Content starts

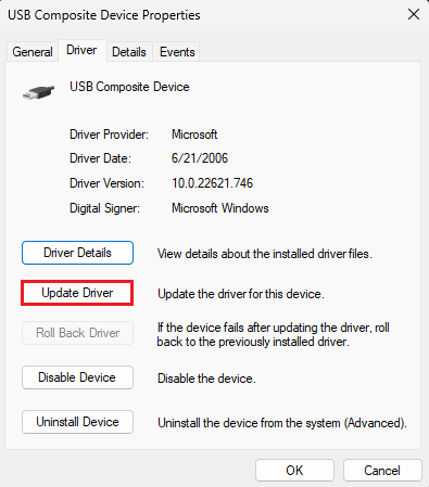 Update the Device Driver: If necessary, proceed to update the driver by selecting the 'Update Driver' option in the properties window. This action might alleviate the issue and enhance the device's functionality.
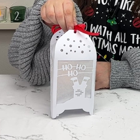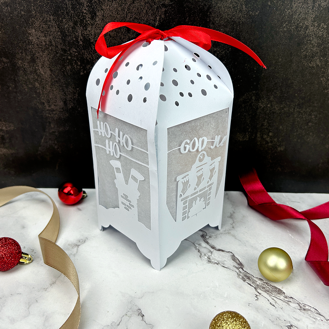 Pyssla en vacker ljuslykta av papper för att lysa upp i vintermörkret. Lyktan har fyra olika juldesigner, en på var sida av lyktan.
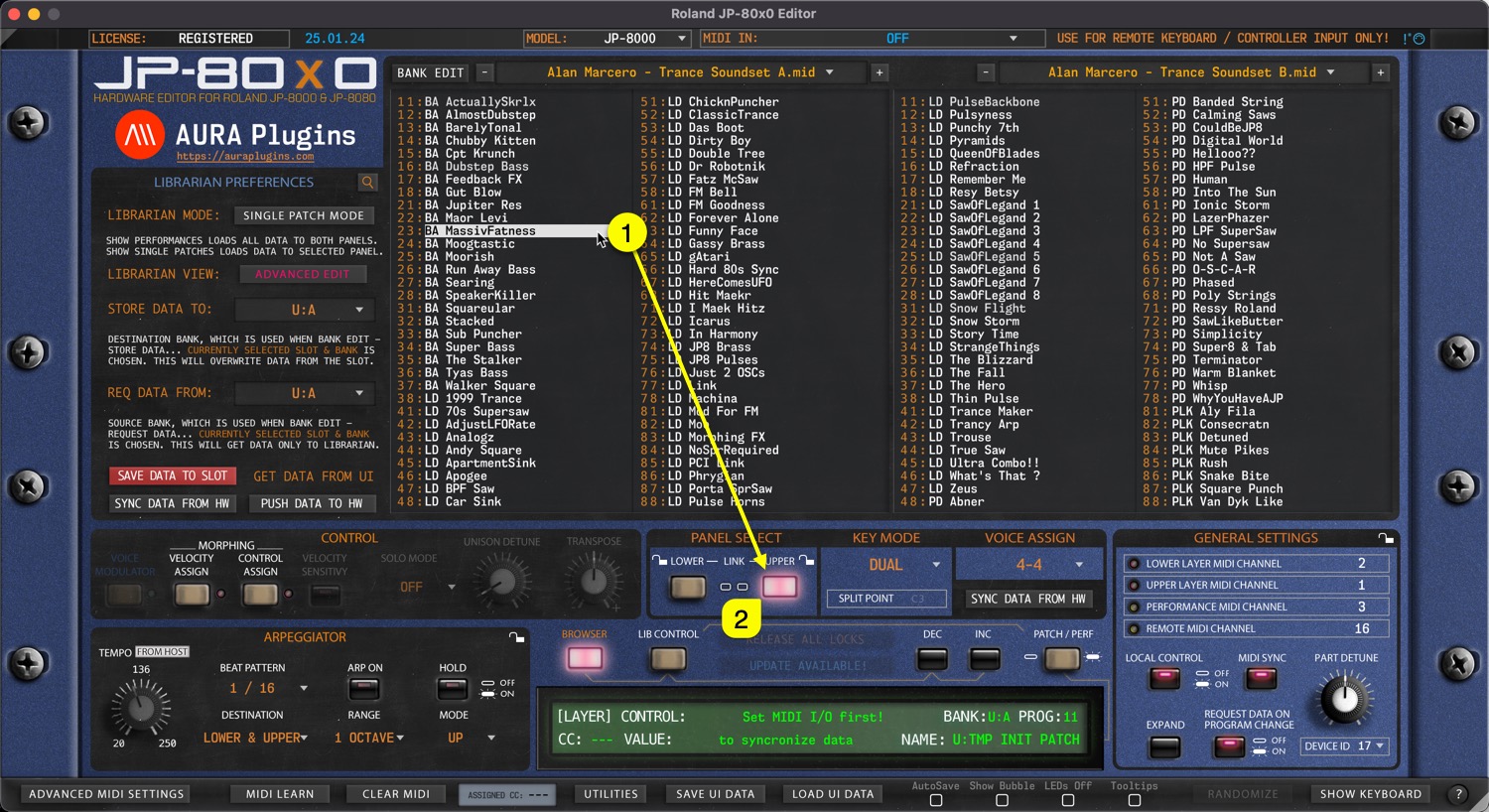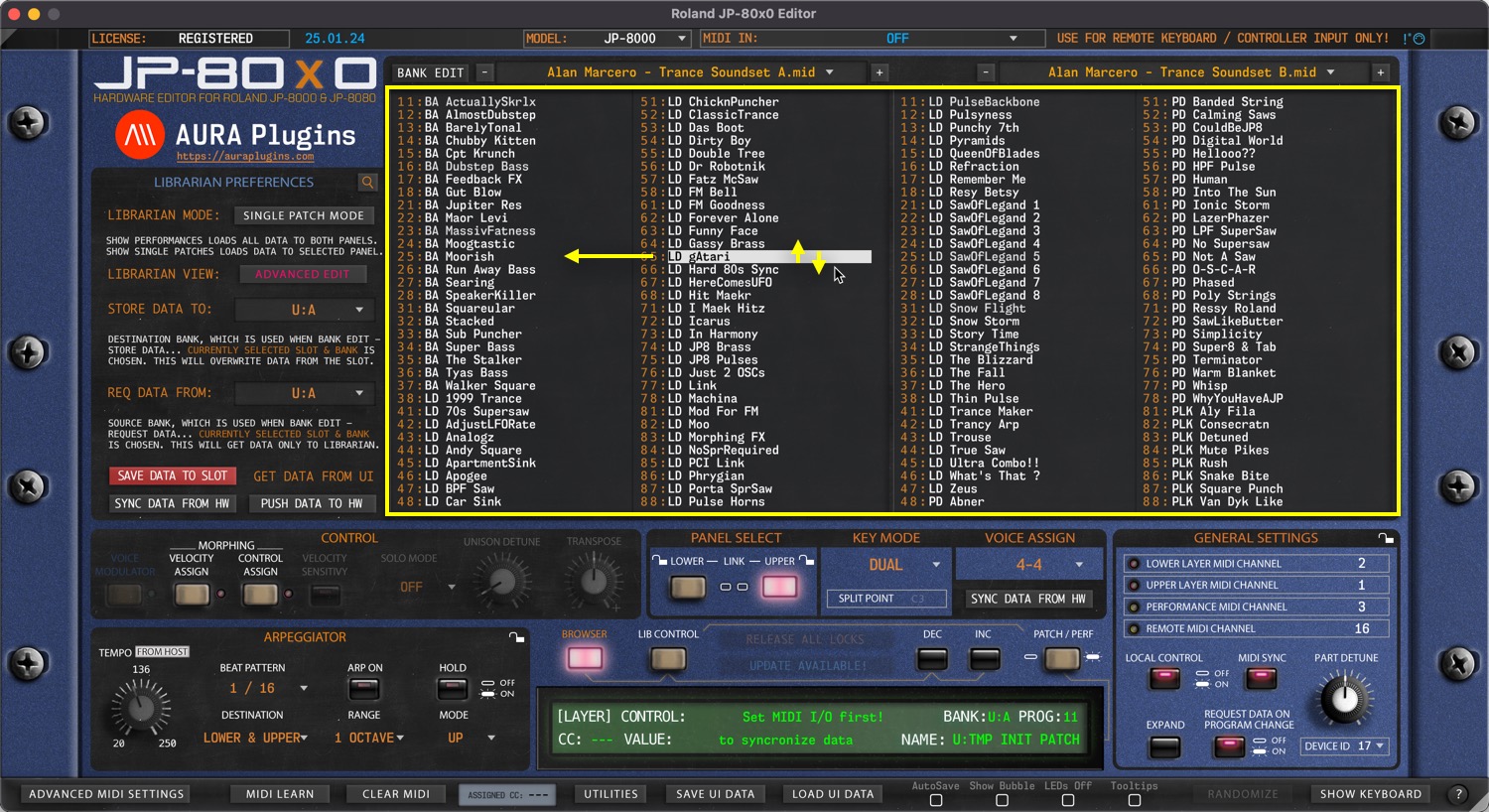 Roland JP-80×0 Editor – Sending Data To Hardware
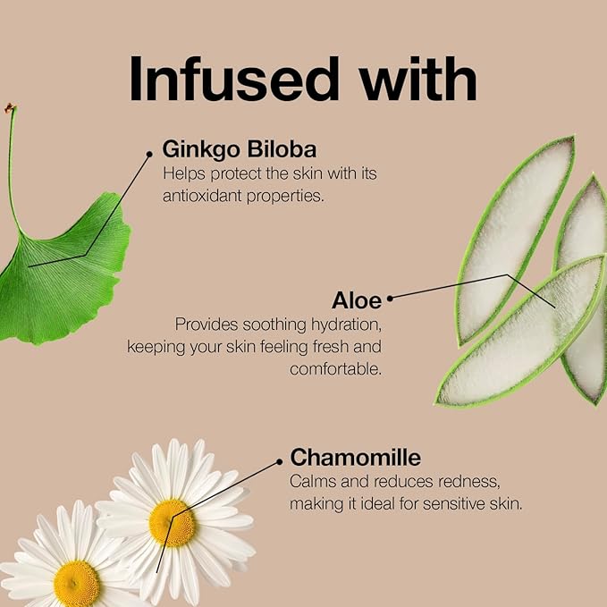 - BOTANICAL AND VITAMIN INFUSED COSMETICS: Infused with apricot, chamomile, ginkgo biloba, aloe (skin conditioning), coconut oil (skin softening) & ginseng

Content ends

All of the listing is to be written out exactly, with the pictures left out.

 Update the Device Driver: If necessary, proceed to update the driver by selecting the 'Update Driver' option in the properties window. This action might alleviate the issue and enhance the device's functionality.
 Pyssla en vacker ljuslykta av papper för att lysa upp i vintermörkret. Lyktan har fyra olika juldesigner, en på var sida av lyktan.
 Roland JP-80×0 Editor – Sending Data To Hardware
 - BOTANICAL AND VITAMIN INFUSED COSMETICS: Infused with apricot, chamomile, ginkgo biloba, aloe (skin conditioning), coconut oil (skin softening) & ginseng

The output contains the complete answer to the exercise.